LAU professor of political science Imad Salamey’s new publication analyses the decline of state power in MENA countries.

Associate Professor of Political Science Imad Salamey will hold a book signing this Wednesday for his latest publication The Decline of Nation States after the Arab Spring: the Rise of Communitocracy.

The book, says Research Professor Emeritus of Political Science at the University of California Arend Lijphart, provides an outstanding analysis of the decline of state power in the Middle East and North Africa, and the emergence of religious and linguistic communities as the dominant players in the region.

We caught up with Salamey ahead of the book signing, which will be complemented by a discussion with expert Marwa Shalaby, director of Women’s Rights in the Middle East Program at Rice University’s Baker Institute for Public Policy.

You coined the word “communitocracy” in your new book to refer to the current power structures dominant in the region. How is it defined?

Just as democracy is the rule of the people, “communitocracy” is the rule of communities, and this is the emerging political system that we are beginning to witness in the region.

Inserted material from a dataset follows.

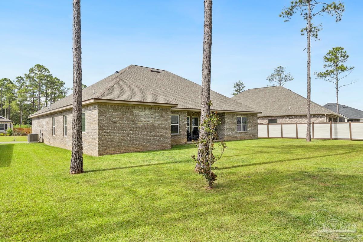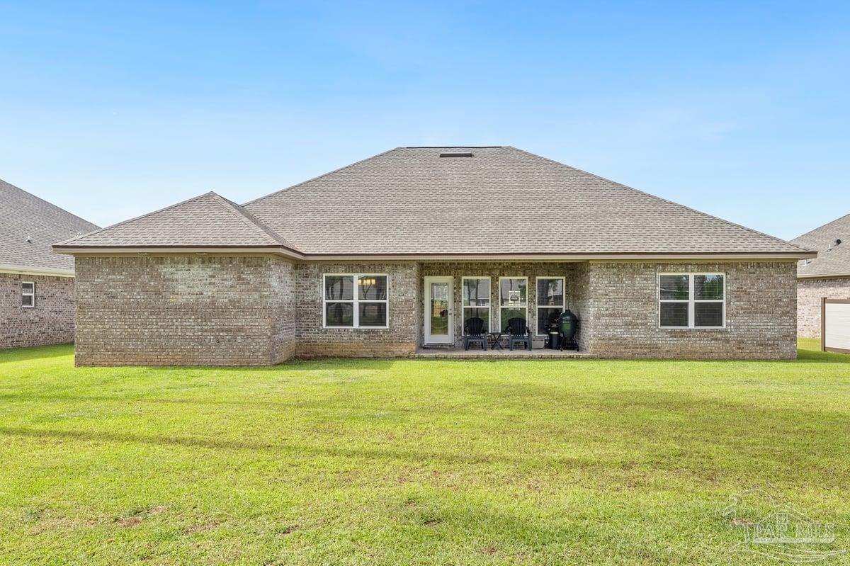 Welcome to 2024-built luxury home in the highly desirable Yellow River Ranch subdivision of Milton, Florida. This 2,514 sq ft single-family residence offers 4 spacious bedrooms and 3 full bathrooms, thoughtfully designed for modern living. The open-concept kitchen features quartz countertops, soft-close cabinetry, a large center island, and premium appliances including a gas oven/range, built-in microwave, and dishwasher. The living and dining areas flow seamlessly, ideal for both everyday comfort and entertaining. Smart home technology includes a Ring doorbell camera and integrated management system allowing remote control of thermostat, lighting, and garage access via mobile device. The covered lanai overlooks a landscaped backyard with a full sprinkler system. Community amenities include a pool, playground, and picnic area, with basketball and pickleball courts currently under construction. Conveniently located near schools, shopping, and outdoor recreation, this home combines style, function, and neighborhood appeal. Schedule your private showing today and experience the best of Yellow River Ranch living.

The decline of the state and national power has played in favor of local and transnational communitarian groups. Such groups can be confessional, ethnic, and tribal. There are now very few political groups that are ideologically, economically or politically driven. At present, all dominant political parties―whether recognized or not―are formed along community lines and identity.

Which countries adopt “communitocractic” systems?

Communitocratic” systems come in two forms―exclusive and multi-communitarian. Exclusive systems usually have extreme implications related to communitarian identity politics and the exclusion of others, voluntarily or by force. This is very dangerous and can lead to population cleansing, Naziism and the like. Today, examples of an exclusive “communitocratic” system can be seen in Iran, a Shiite theocracy, and in Saudi Arabia, where a Sunni Wahabi monarchy rules. ISIS is also trying to spread a community system, based on Salafism.

Multi-communitarian regimes, by comparison, are more inclusive. Federal states are typical examples of this system. Iraq is a multi-communitarian “communitocracy” based along ethnic lines. Lebanon is “consociational”, whereby the division of power is political and not geographic. It is a model of this system and a true example par excellence.

What was the impetus behind the new book?

I wanted to understand the causes of the Arab Spring and how it came about. Many argued that poverty and corruption were mitigating factors, but they always existed, so I examined the change.

Globalization has spread at various levels―including economic, cultural and security―and I see a direct correlation between this phenomenon and the erosion of the nation state, as its power to rule is undermined. Nationalists are no longer in command of their own geo-political entities and this dysfunctionality of the Arab states is, what I believe, led to the revolts.

Information flows via the internet, and no longer via the state. Culture is also more global, and people are no longer confined to the cultural values and practices they grew up with. This is particularly true of confessional groups that can associate with religious groups across the globe and not only those in their own country. This is what I think Arab states were suddenly confronting and unable to accommodate.

How did you go about building your theories?

I examined various Arab countries, particularly those that have collapsed partially or totally, including Egypt, Yemen, Tunisia, Syria and Libya, and examined how globalization has been a driving variable in the decline of their power.

In terms of the economy, the ability of these states to export their own national products was undermined and led to negative trade balances.

In terms of culture, we can see how communication technologies have been an instrumental method for spreading protest messages and undermining the ability of the state to control the information system.

I also examined the spread of non-armed transnational military actors and the states’ inability to control the flow of arms and secure their countries on a national level. They needed to rely on more regional, perhaps even global, means but were not able to do so.

Does “communitocracy” bring stability?

It is the emerging trend across the region following the Arab Spring. Syria, Iraq, Yemen, Libya, Tunisia, Egypt … each of these states is suffering from instability and exploring new ways of power-sharing along community lines. While in those countries there were groups that were oppressed and unheard, in Lebanon the system accommodates all groups and offers a space through which grievances can be channeled. The multi-communitarian “communitocracy”, in addition to probably being more compatible with globalization, may therefore explain why Lebanon has not drifted into civil war this decade as happened in other Arab countries.

 

The book discussion and signing is taking place on Wednesday 15 March at 5 p.m. at the Riyad Nassar Library, Beirut campus.